Na prática ao longo dos anos concluí que ele não estava de todo errado. De fato a profissão é espinhosa, motivo pelo qual muitos companheiros procuram desviar seus filhos do desejo de seguir a profissão. Da mesma forma que muitos pais se orgulham ao ver seus filhos vestindo o mesmo uniforme que ele. O que difere, como em tudo na vida, são as oportunidades e experiências que cada um terá dentro da carreira.

O que o candidato precisa avaliar é se está disposto a enfrentar todos os desafios que a profissão oferece. Quanto vai lhe custar para atingir o objetivo que traçou para sua carreira profissional. Se é exatamente isso que quer. Do contrário poderá perder tempo numa profissão da qual só conhecia os estereótipos e tinha fantasia juvenil.
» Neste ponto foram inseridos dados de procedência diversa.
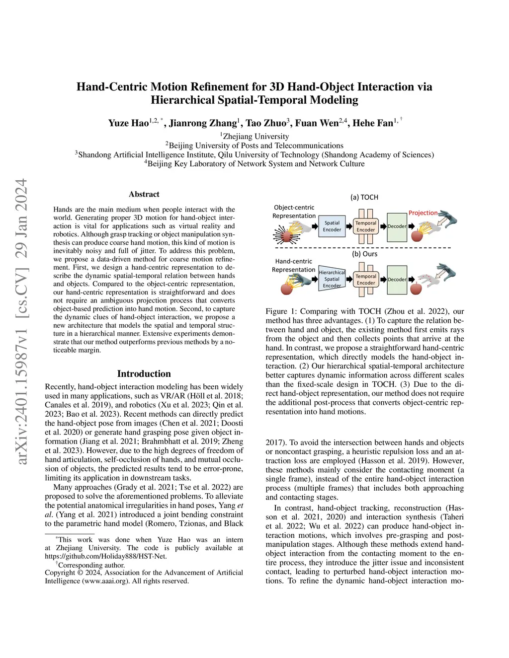 Hands are the main medium when people interact with the world. Generating proper 3D motion for hand-object interaction is vital for applications such as virtual reality and robotics. Although grasp tracking or object manipulation synthesis can produce coarse hand motion, this kind of motion is inevitably noisy and full of jitter. To address this problem, we propose a data-driven method for coarse motion refinement. First, we design a hand-centric representation to describe the dynamic spatial-temporal relation between hands and objects. Compared to the object-centric representation, our hand-centric representation is straightforward and does not require an ambiguous projection process that converts object-based prediction into hand motion. Second, to capture the dynamic clues of hand-object interaction, we propose a new architecture that models the spatial and temporal structure in a hierarchical manner. Extensive experiments demonstrate that our method outperforms previous methods by a noticeable margin.
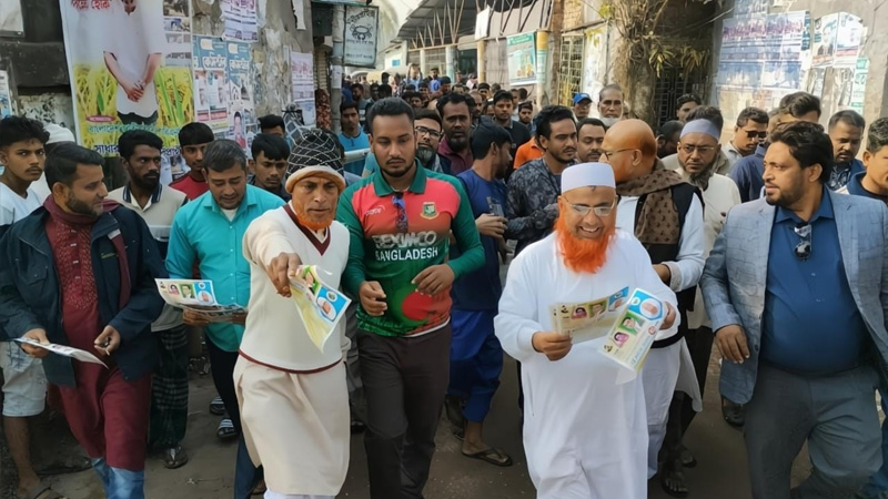 কালিগঞ্জে ধানেরশীষের প্রার্থী কাজী আলাউদ্দীনের লিফলেট বিতরণ
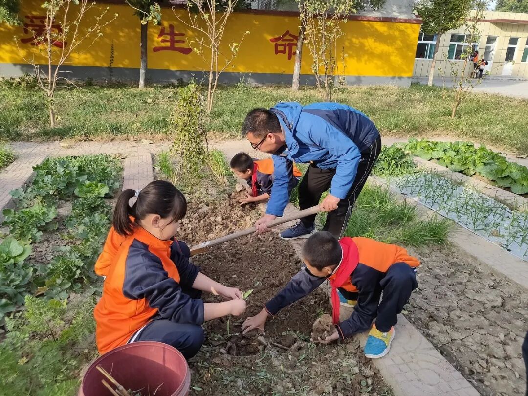 近日,齐都镇中心小学在校内蔬菜种植实践园开展种植活动。(张倩 胡刚)
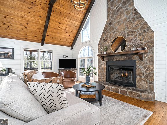 *MOTIVATED SELLER!* *PRICED BELOW MARKET VALUE!* This is a premier short-term rental investment or private mountain escape! Nestled on two rare, flat acres in the heart of North Georgia, this fully furnished three-bedroom, two-bathroom cabin is designed for both guest appeal and investor success. Ideally located just minutes from Lake Blue Ridge and downtown Blue Ridge, this property offers the perfect balance of seclusion and convenience. As you drive up, there is an easy-in, easy-out circular driveway. Stepping inside, you'll find floor-to-ceiling windows that flood the open-concept living space with natural light. A wood-burning fireplace serves as the focal point, creating a warm and inviting atmosphere for guests to gather. The modern lighting, tasteful furnishings, and well-appointed kitchen ensure a comfortable and seamless guest experience. Investors, the thoughtfully designed layout comfortably accommodates up to eight guests, with two bedrooms on the main level with full beds. Upstairs, the private loft suite with queen bed features its own bathroom, workspace, and additional seating area, providing a retreat-like experience. There is a large wraparound deck with a hot tub, and the fire pit with Adirondack chairs invites guests to relax under the stars. The expansive, flat acreage provides space for families to enjoy outdoor activities worry-free, a rare find in this mountainous region. There is even enough space to create your own pickleball court! Outdoor amenities are a major draw for visitors. This home is within walking distance of the community pond. Located on paved roads with easy access to hiking trails, wineries, shopping, and dining, this property is primed for a successful rental investment. Whether you're looking to capitalize on the thriving short-term rental market or seeking your own turnkey vacation retreat, this Bougie Cabin is ready to welcome you. (Pickleball Court Is Virtually Staged.)
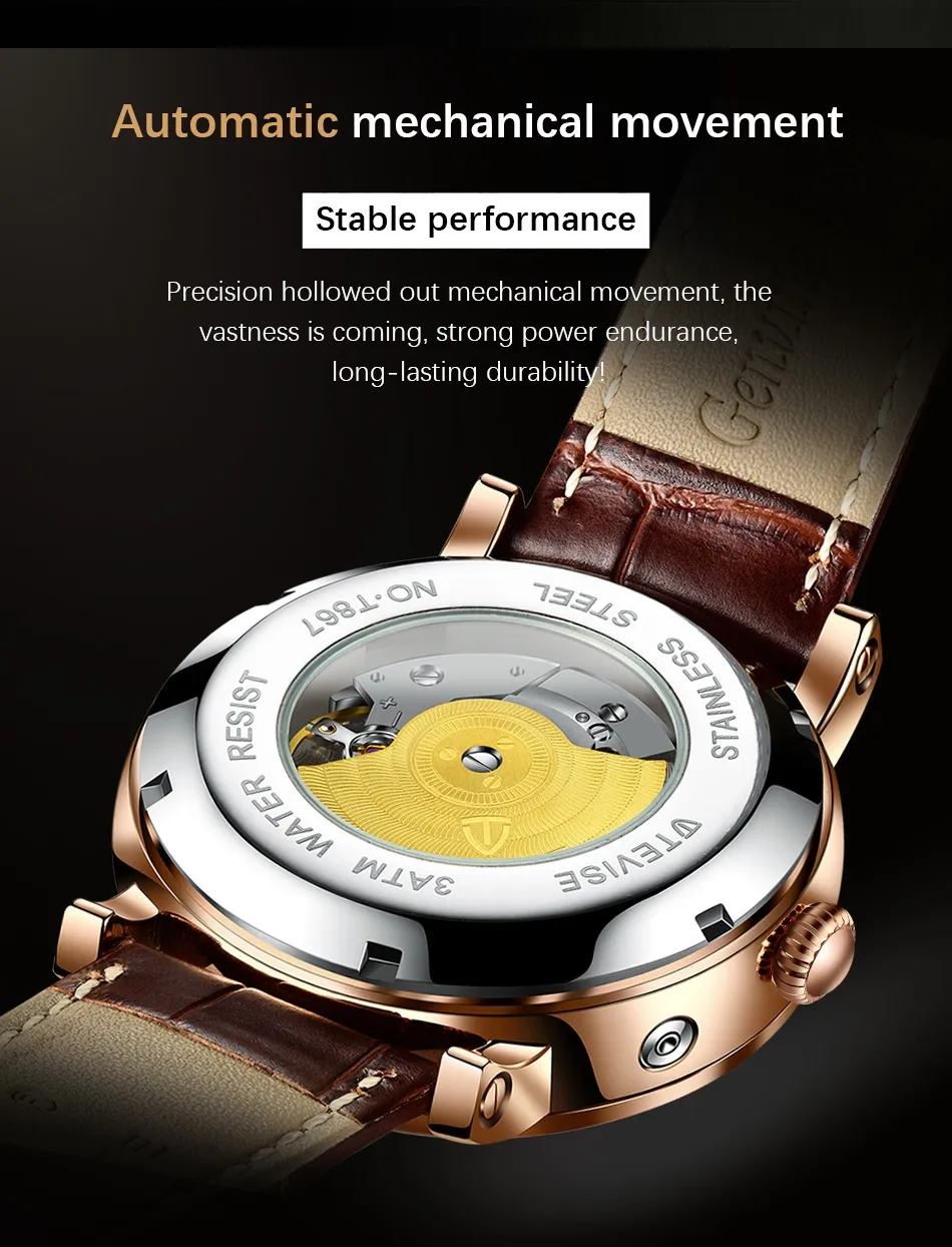 case back allows watch enthusiasts to marvel at the intricate mechanical gears, a true testament to exceptional craftsmanship. The

Parece simples tudo isso, mas não é. Já estava aposentado quando fui viajar por todo o país, para tentar entender o que motiva um policial militar exercer a sua profissão e coloquei minhas impressões no livro Papa Mike – a realidade do policial militar, lançado em junho de 2016. 

A obra relata a verdade nua e crua da profissão, sem fantasias. Quem tiver convicção da sua vocação certamente ficará com o coração fervendo para ingressar logo, mas se tiver dúvidas irá repensar a decisão.